__EXERCISE__. Repeat only what runs from the line with "ArtikeldetailsArchitecture ou arte" through the last line of the data below, both included, keeping every word as it is and leaving out the pictures.

__INFORMATION PROVIDED__.
◆ ◆ ◆ ◆ ◆

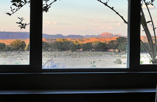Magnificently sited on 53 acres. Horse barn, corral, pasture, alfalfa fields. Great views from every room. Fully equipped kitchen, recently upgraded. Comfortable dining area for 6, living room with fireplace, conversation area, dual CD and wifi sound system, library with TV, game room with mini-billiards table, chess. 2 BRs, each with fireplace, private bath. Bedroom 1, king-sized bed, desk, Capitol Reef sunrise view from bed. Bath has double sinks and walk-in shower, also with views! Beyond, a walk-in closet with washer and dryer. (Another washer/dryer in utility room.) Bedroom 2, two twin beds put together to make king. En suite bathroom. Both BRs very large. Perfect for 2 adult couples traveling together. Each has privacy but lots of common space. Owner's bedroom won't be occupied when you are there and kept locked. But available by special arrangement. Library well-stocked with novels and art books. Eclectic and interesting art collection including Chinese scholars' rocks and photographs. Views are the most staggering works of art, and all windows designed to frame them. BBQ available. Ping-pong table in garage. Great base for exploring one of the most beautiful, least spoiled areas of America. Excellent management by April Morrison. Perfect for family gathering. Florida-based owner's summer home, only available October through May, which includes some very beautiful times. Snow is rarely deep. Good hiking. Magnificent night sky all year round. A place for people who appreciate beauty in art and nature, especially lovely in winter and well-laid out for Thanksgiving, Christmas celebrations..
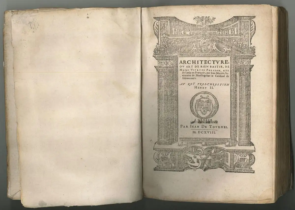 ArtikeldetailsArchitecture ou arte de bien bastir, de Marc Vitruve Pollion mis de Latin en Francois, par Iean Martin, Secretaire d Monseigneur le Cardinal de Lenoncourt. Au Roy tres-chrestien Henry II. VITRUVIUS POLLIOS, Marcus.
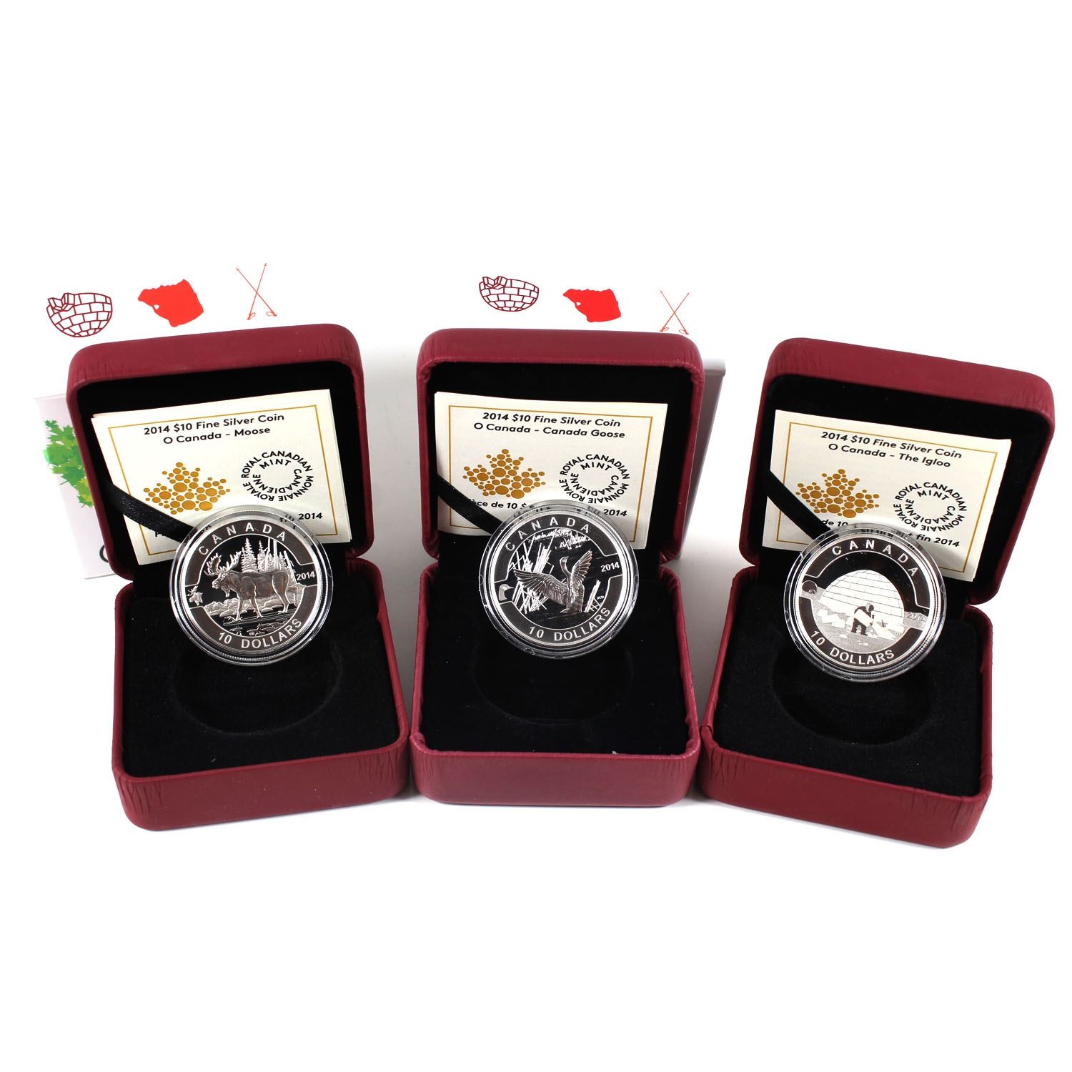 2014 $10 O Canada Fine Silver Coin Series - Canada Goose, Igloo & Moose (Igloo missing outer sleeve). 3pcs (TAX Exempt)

◆ ◆ ◆ ◆ ◆

__RESULT FOR THIS TASK__.
 ArtikeldetailsArchitecture ou arte de bien bastir, de Marc Vitruve Pollion mis de Latin en Francois, par Iean Martin, Secretaire d Monseigneur le Cardinal de Lenoncourt. Au Roy tres-chrestien Henry II. VITRUVIUS POLLIOS, Marcus.
 2014 $10 O Canada Fine Silver Coin Series - Canada Goose, Igloo & Moose (Igloo missing outer sleeve). 3pcs (TAX Exempt)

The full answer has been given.